Records for the task:

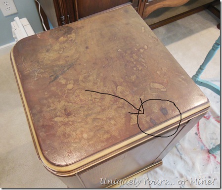 Now onto the top… this is what it looked like before… not good right? Look closely at those two stains I’ve circled, they will come back to haunt me!
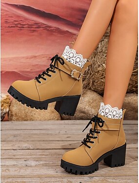 botas plataforma grossas com cadarço, fivela e punho de renda, disponíveis em várias cores
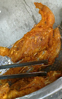 • จากนั้นก็ตั้งกะทะให้ร้อน ใส่น้ำมันลงไป พอน้ำมันเดือด ก็นำโครงไก่ชุปแป้งทอด พอโครงไก่เหลือง กรอบแล้ว ก็เป็นอันใช้ได้
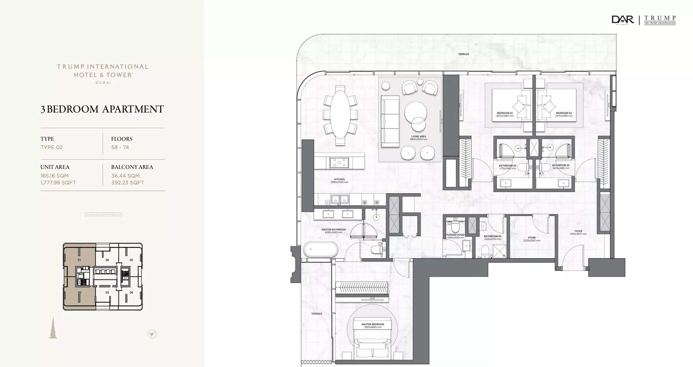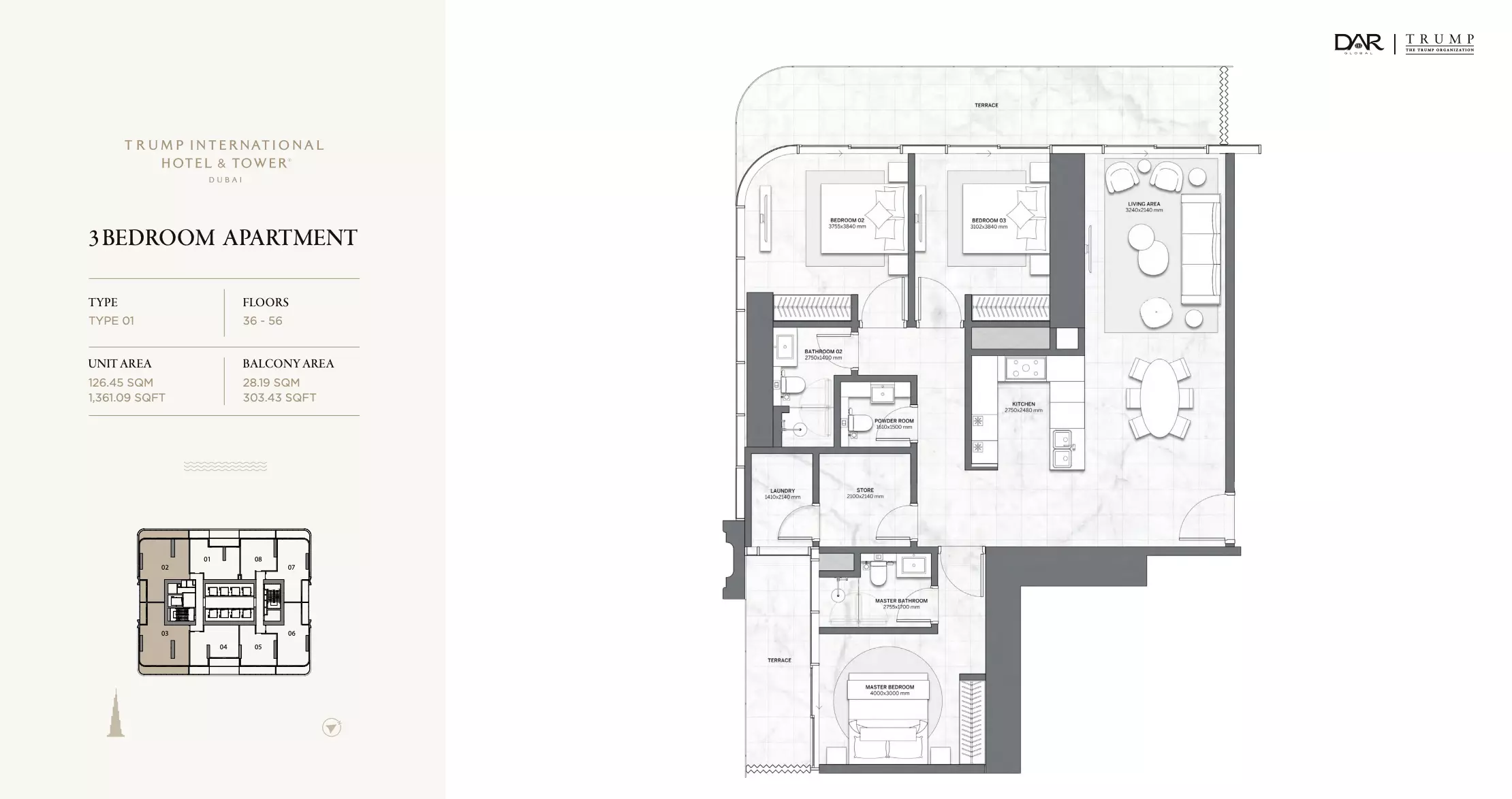 Trump International Hotel & Tower Dubai is owned by Dar Global, a leading international real estate developer known for creating high-end residential and commercial properties. Dar Global specializes in delivering premium projects in some of the world’s most prestigious locations, ensuring exceptional quality and design standards. Their ownership of Trump International Hotel & Tower Dubai reflects their commitment to luxury, innovation, and excellence in the real estate market.
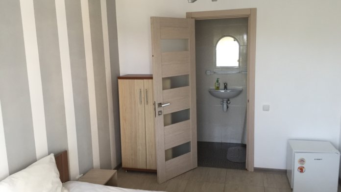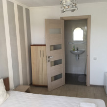 Номер расположен на 1 этаже. В номере две комнаты-спальни, есть кондиционер, ТВ с плоским экраном, платяной шкаф, холодильник, чайник. В каждой комнате свой санузел (туалет-душ), двухспальная кровать (возможны 2 раздельные кровати), интернет Wi-Fi. Вместительность до 6 человек(с учетом дополнительных мест).
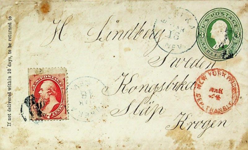 USA 7c uprated on 3c envelope from New York to Krogen Sweden (Image)
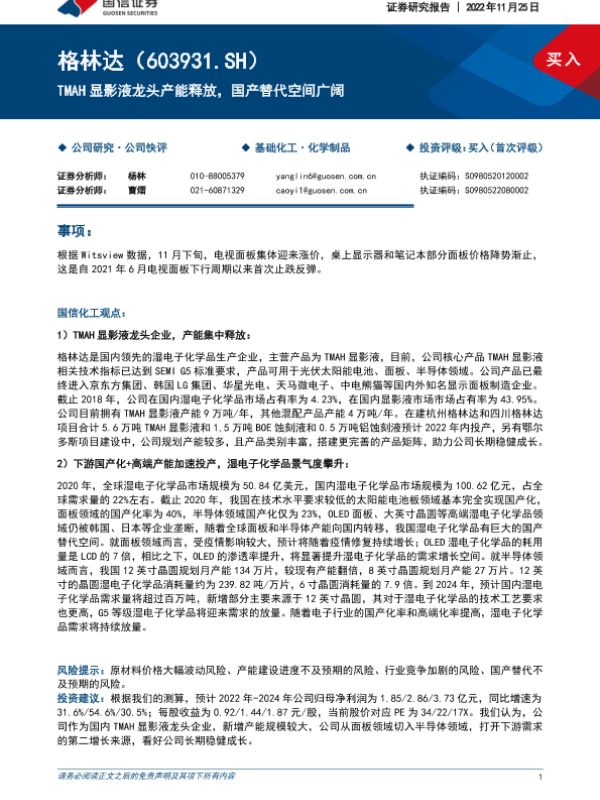 【国信证券】【20221125】TMAH显影液龙头产能释放,国产替代空间广阔-17页
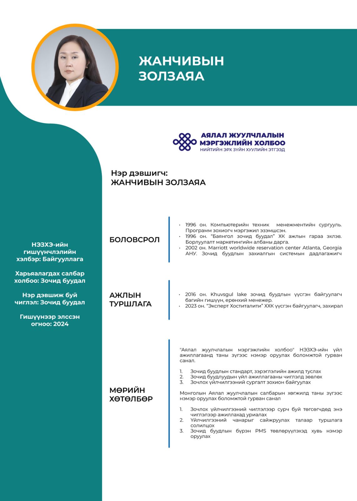 АЯЛАЛ ЖУУЛЧЛАЛЫН ХООЛ ҮЙЛДВЭРЛЭЛ, ЗООГИЙН ГАЗРЫН ТӨЛӨӨЛЛӨӨР УДИРДАХ ЗӨВЛӨЛИЙН СОНГУУЛЬД НЭР ДЭВШИГЧ НАРЫН АНКЕТ
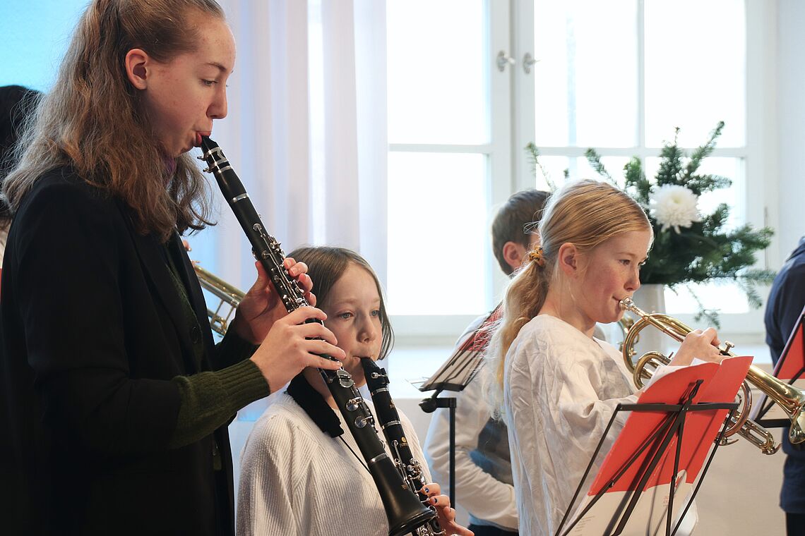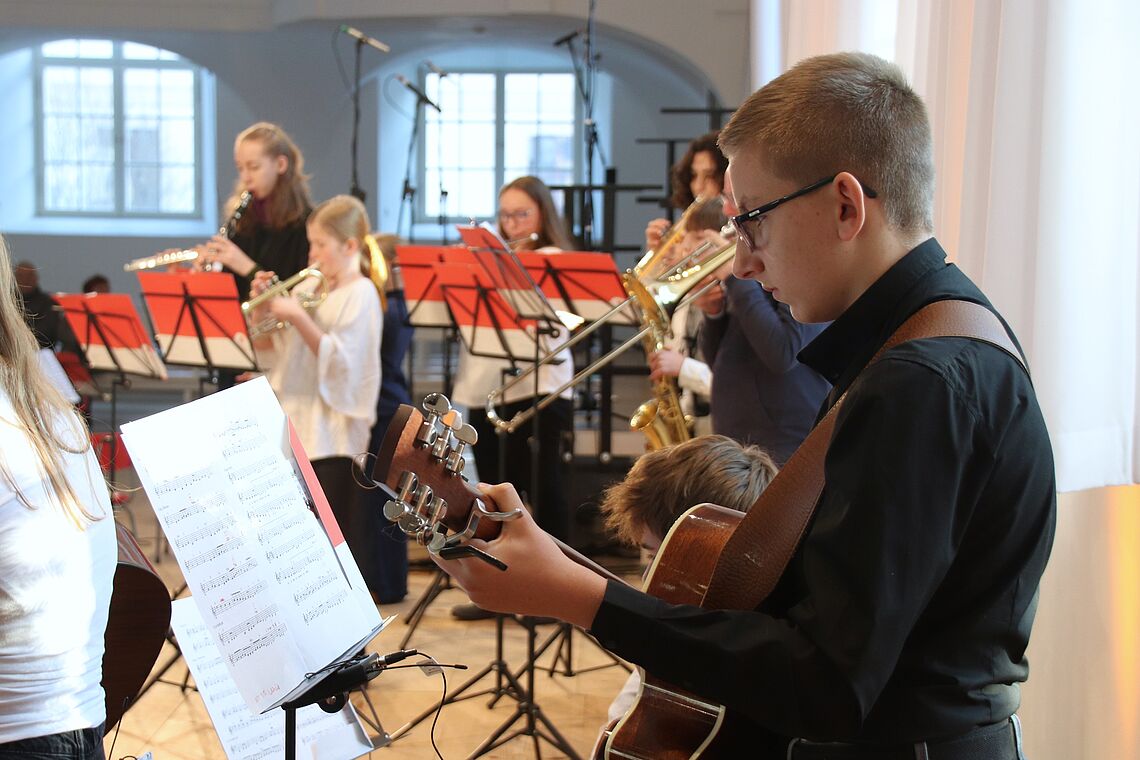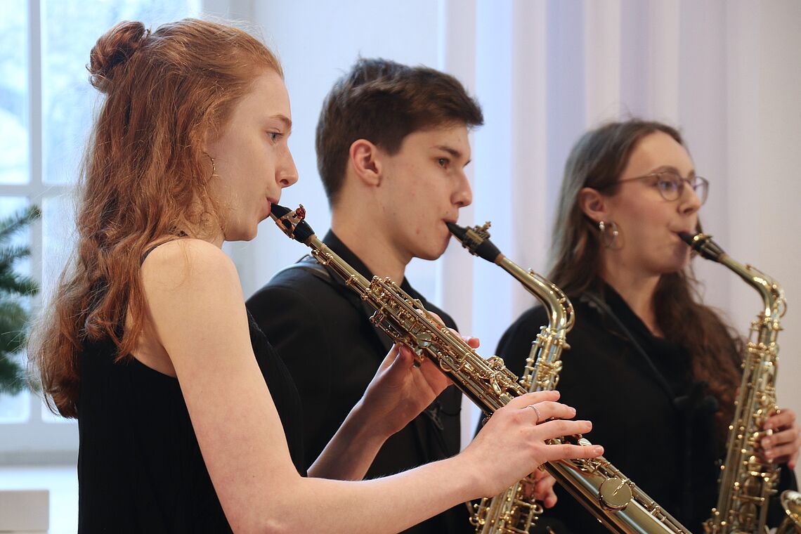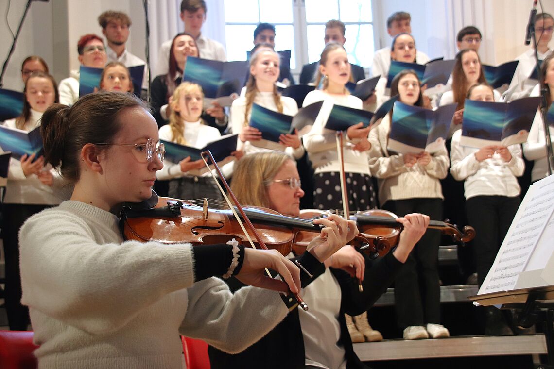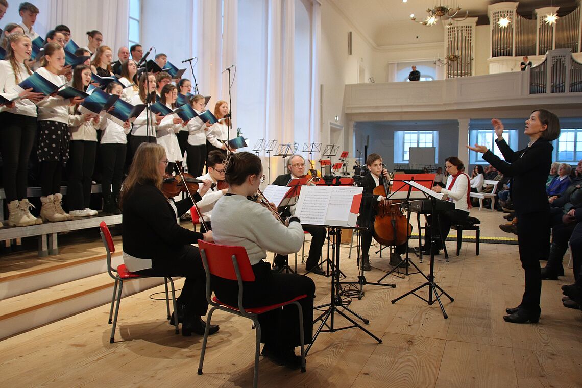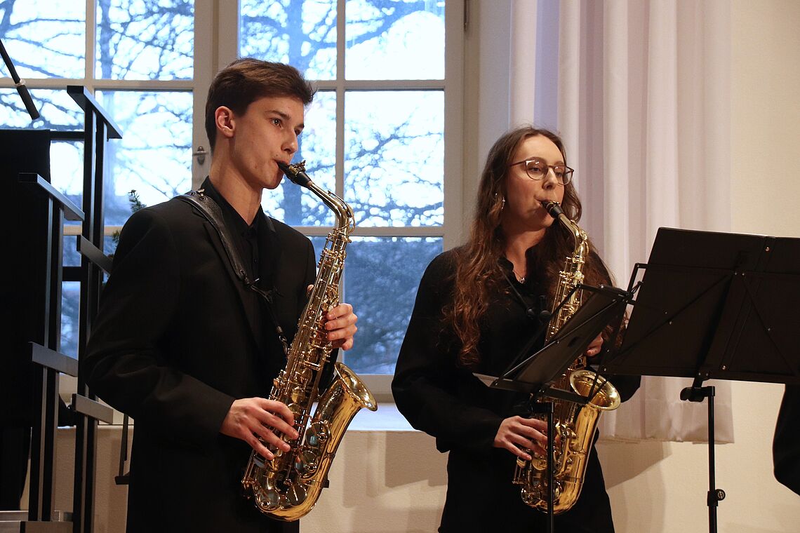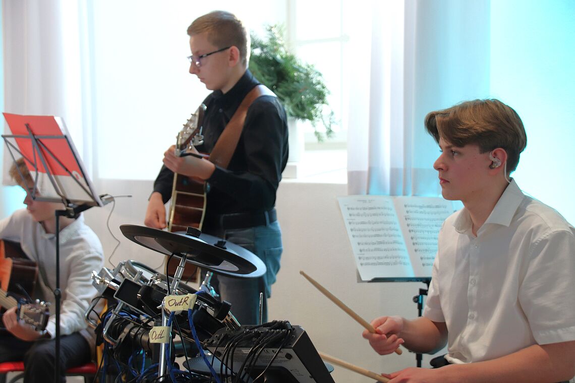 Es musizierten Solistinnen und Solisten der KMS mit Erika Haufe an der Orgel, das Saxophon-Ensemble der KMS unter der Leitung von Ragnar Schnitzler sowie Schulchor, Schulband und BrassBand der Evangelischen Zinzendorfschulen.
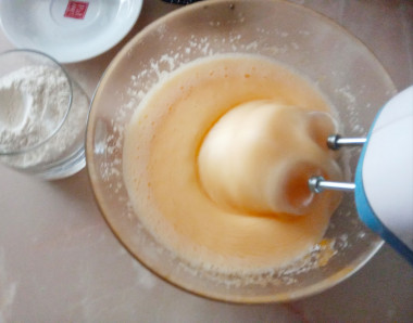 Не останавливая взбивание, начните по ложке добавлять к яйцам сахар. Количество сахара вы можете немного уменьшить в зависимости от своих предпочтений. Вместе с сахаром всыпьте ванилин. Когда весь сахар будет добавлен, продолжите взбивать яйца. Обороты оставьте средними. Чем дольше вы будете их взбивать, тем пышнее получится бисквит. Именно пузырьки воздуха, которые образуются при взбивании, поднимут его при выпечке. Масса должна стать светлой и пышной.
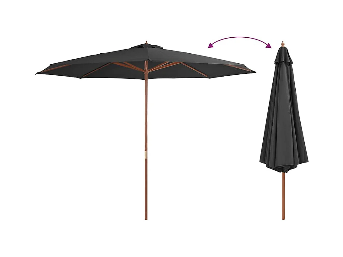 Parasol d'extérieur | Parasol de jardin avec mât en bois 300 cm anthracite
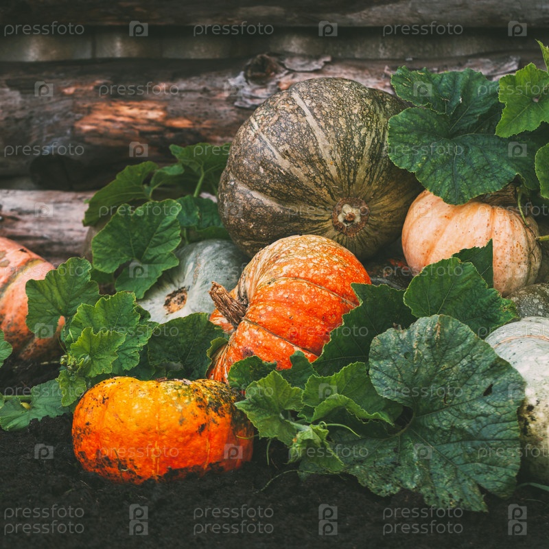 Свежесобранные тыквы в саду
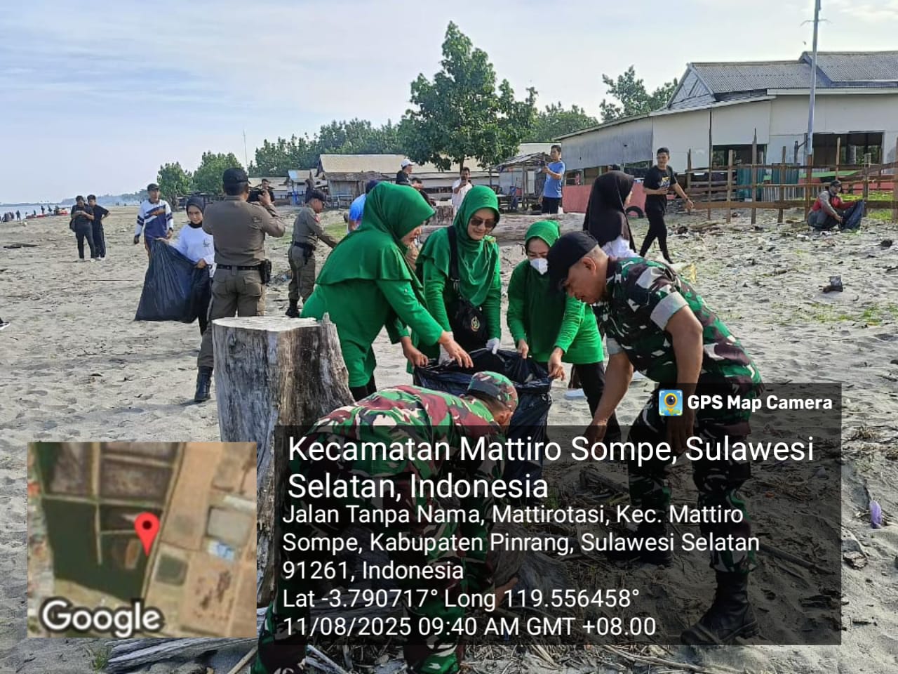 Pinrang_ Sinergitas 3 pilar yakni Babinsa Jajaran Koramil-02/Mattiro Sompe Kodim 1404/Pinrang, Bhabinkamtibmas jajaran Polsek Mattiro Sompe, Staf Kecamatan dan Desa serta masyarakat melaksanakan kegiatan pelestarian alam dengan melakukan pembersihan pantai wisata Ammani di Desa Mattiro Tasi Kecamatan Mattiro Sompe Kabupaten Pinrang, Senin (11/08/2025).
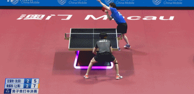 樊振东在相持中的回应仍然强硬,先是4-2第三板仍然给中间长,然后正手对抗得分;之后5-2一个直线反手长球开路,正手补上之后一个暴力熊猫看板反手——有年月没见过了,有点唏嘘。
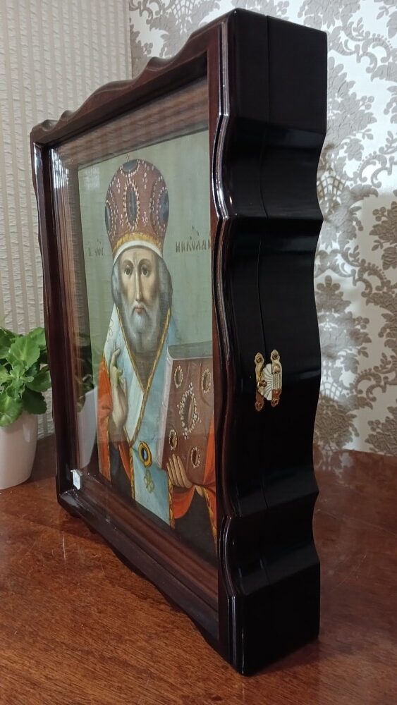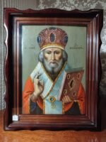 Ікона написана на дошці / ікона написана олійними фарбами / ікона в кіоті / кіот з вільхи / ікона під склом
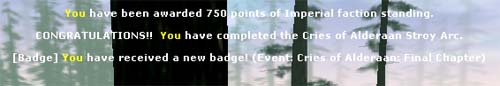 アルデラーンの嘆き第3部、だそうで、親父は1も2もやってませんでしたが Act1,2は全サーバーで反乱軍の勝利だったそうなので少しは貢献しようかとやってみたです JPNの情報によりNaboo Theed(-5430 4164)にいるImperial coodinatorに話を伺ったです 何度か話すると今度はInformation Officerを話しろと言われます |
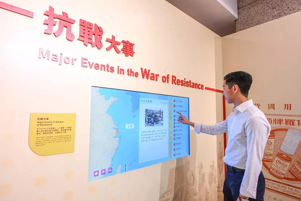 「香港賽馬會呈獻系列:萬眾一心 維護和平─紀念抗戰勝利八十周年展覽」透過互動裝置,讓參觀者更深入了解國家抗戰歷史和近代中國史。
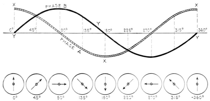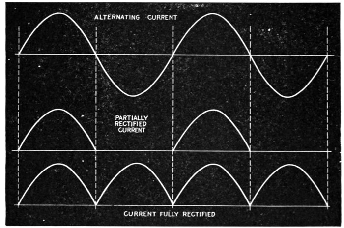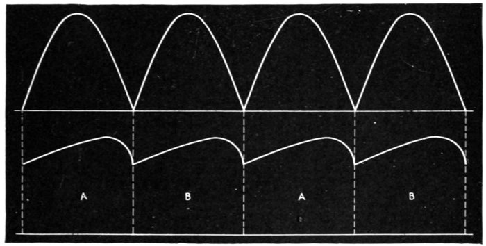 The action of the rectifier will be better understood by reference to the diagram of current waves and impressed pressure as shown in figs. 2,103 to 2,106.
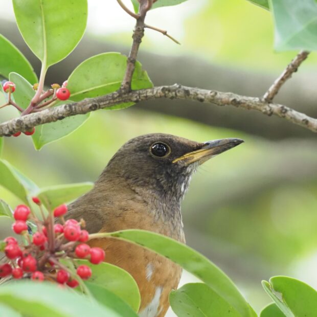 基本的に単独で行動し、 林や藪の中で歩き回ると立ち止まるを繰り返します。 落ち葉をひっくり返したり、 土をくちばしで掘ったりしながらミミズや昆虫類などを探します。

Task instructions: Starting at the line with "พอโครงไก่เหลือง กรอบแล้ว ก็เป็นอันใช้ได้" in the entries above, write out every line exactly until the line with "Trump International Hotel & Tower Dubai is" has been written. Include no pictures and nothing more.

Reply:
 • จากนั้นก็ตั้งกะทะให้ร้อน ใส่น้ำมันลงไป พอน้ำมันเดือด ก็นำโครงไก่ชุปแป้งทอด พอโครงไก่เหลือง กรอบแล้ว ก็เป็นอันใช้ได้
 Trump International Hotel & Tower Dubai is owned by Dar Global, a leading international real estate developer known for creating high-end residential and commercial properties. Dar Global specializes in delivering premium projects in some of the world’s most prestigious locations, ensuring exceptional quality and design standards. Their ownership of Trump International Hotel & Tower Dubai reflects their commitment to luxury, innovation, and excellence in the real estate market.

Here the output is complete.